◆ Instructions for the task ◆
Below, locate the line that contains "Das Bild eines". Repeat exactly from that line to the line that contains "The small cemetery", inclusive, leaving out the pictures.
[[ Data records open ]]
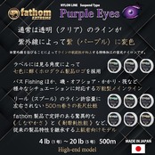 fathom EXTREMEはfathomのハイエンドモデル。fathom製品において定評のあるラインのしなやかさ、耐摩耗性能 などの製品特性を継承する上級者向けモデル。紫外線を浴びることによってラインの視認性が向上する特殊加工の蛍光ナイロンライン。通常は透明(クリア)のラインですが、紫外線によって紫(パープル)に変色します。ラベルには見る角度によって七色に輝くホログラム製品ロゴを採用しています。バスFishingほか、磯・オフショア・かかり・筏など様々なシチュエーションに対応する万能型メインライン。リール(スプール)のライン許容量に左右されない500m巻き(長尺仕様)。
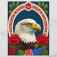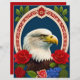 Das Bild eines Glatzenadlers, der die majestätischen Merkmale des Vogels einfängt, mit einer zusätzlichen künstlerischen Touch klassischer Rot-, Weiß- und Blütenelemente. Die Blumenelemente wurden mit modernster Technologie entworfen und umfassen Rose, Blätter und Blume.
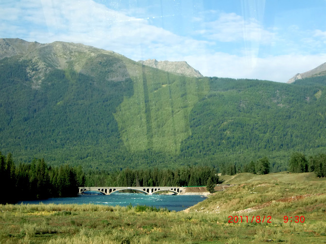 经过“阳光普照的地方”阿贡盖提草原,一派美丽的北疆风光。
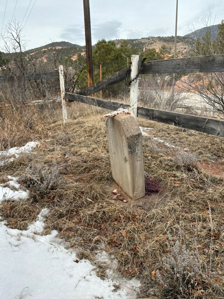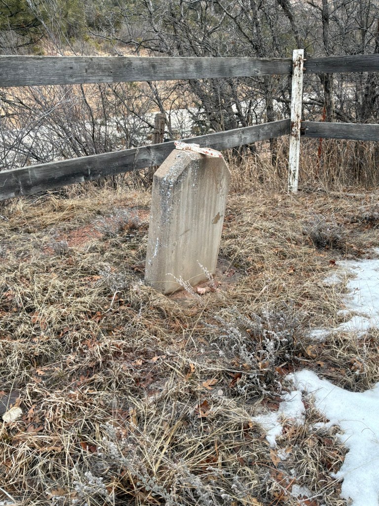 The small cemetery is nestled right next to Fort Carson land on 115, a small white fence can be seen quickly, if you know where to look. I do not recommend a visit to the dangerous side of the road. Traffic was crazy and I felt it was not safe, no appropriate parking was available. In the 1950s all 4 graves were moved to where they rest now from hairpin corners that were once there. An article in the Gazette on March 27th, 1947 protested against moving them, but ultimately for safety they were given a new resting place on a small hill, out of traffic and right of way.
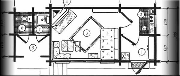 План домика с камином: 1 – прихожая; 2 – кухня; 3 – гостиная; 4 – угловой камин; 5 – пристройка; 6 – туалет; 7 – душ
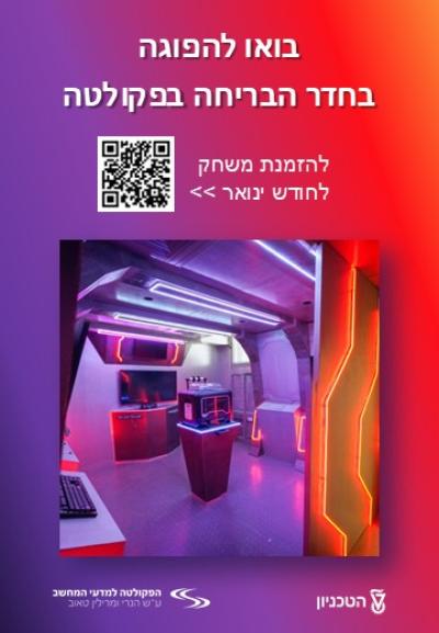 Game duration: about an hour | Invitation for students and alumni | You can enter the Technion with a car. Independent parking | Please do not register from today to tomorrow - we will not be able to prepare with guidance
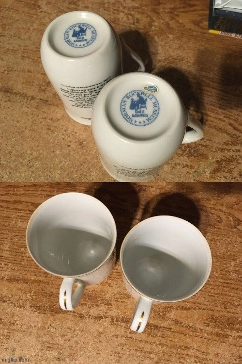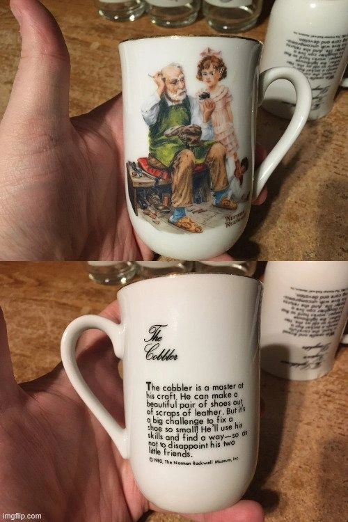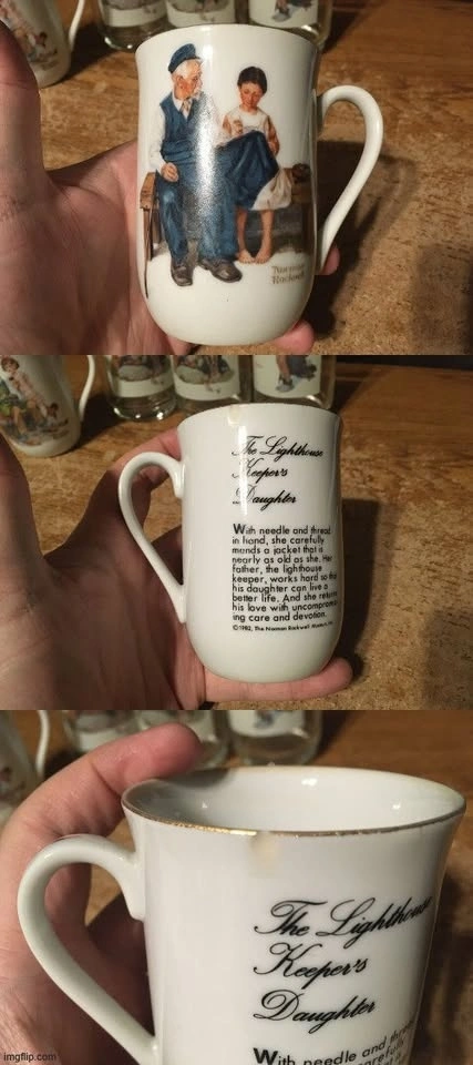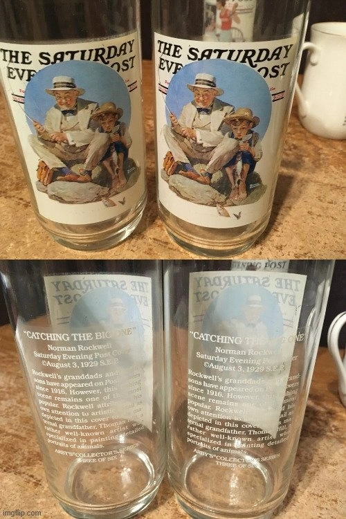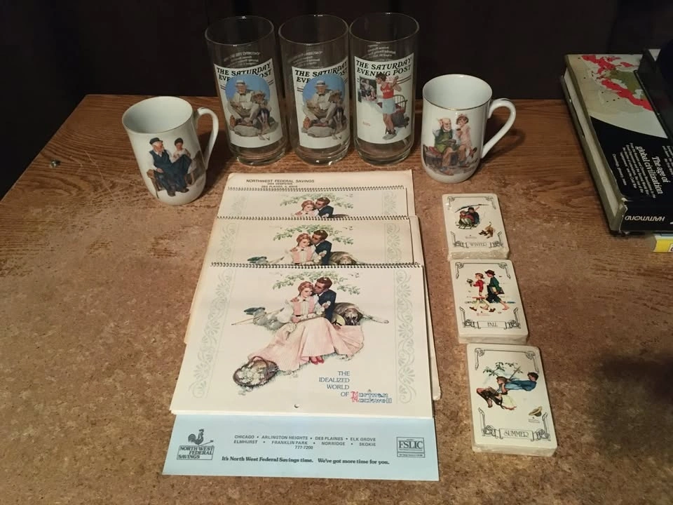 Includes: 3 Arby's Norman Rockwell glasses (2x 'Catching the Big One', 1x 'The Champ'). Glasses are in excellent condition with a small scratch on one. 2x 1982 Norman Rockwell Museum cups ('The Cobbler' & 'The Lighthouse Keeper's Daughter'). 'The Lighthouse Keeper's Daughter' has a small chip. 3x 1981 'The Idealized World of Norman Rockwell' calendars. Two come with envelopes. One calendar has a little wear. Lot of 3 sealed Norman Rockwell playing cards ('Seasons: Summer, Fall, Winter'). 11 items total. Cash only.
[[ Data records closed ]]
◆ Result of this task ◆
 Das Bild eines Glatzenadlers, der die majestätischen Merkmale des Vogels einfängt, mit einer zusätzlichen künstlerischen Touch klassischer Rot-, Weiß- und Blütenelemente. Die Blumenelemente wurden mit modernster Technologie entworfen und umfassen Rose, Blätter und Blume.
 经过“阳光普照的地方”阿贡盖提草原,一派美丽的北疆风光。
 The small cemetery is nestled right next to Fort Carson land on 115, a small white fence can be seen quickly, if you know where to look. I do not recommend a visit to the dangerous side of the road. Traffic was crazy and I felt it was not safe, no appropriate parking was available. In the 1950s all 4 graves were moved to where they rest now from hairpin corners that were once there. An article in the Gazette on March 27th, 1947 protested against moving them, but ultimately for safety they were given a new resting place on a small hill, out of traffic and right of way.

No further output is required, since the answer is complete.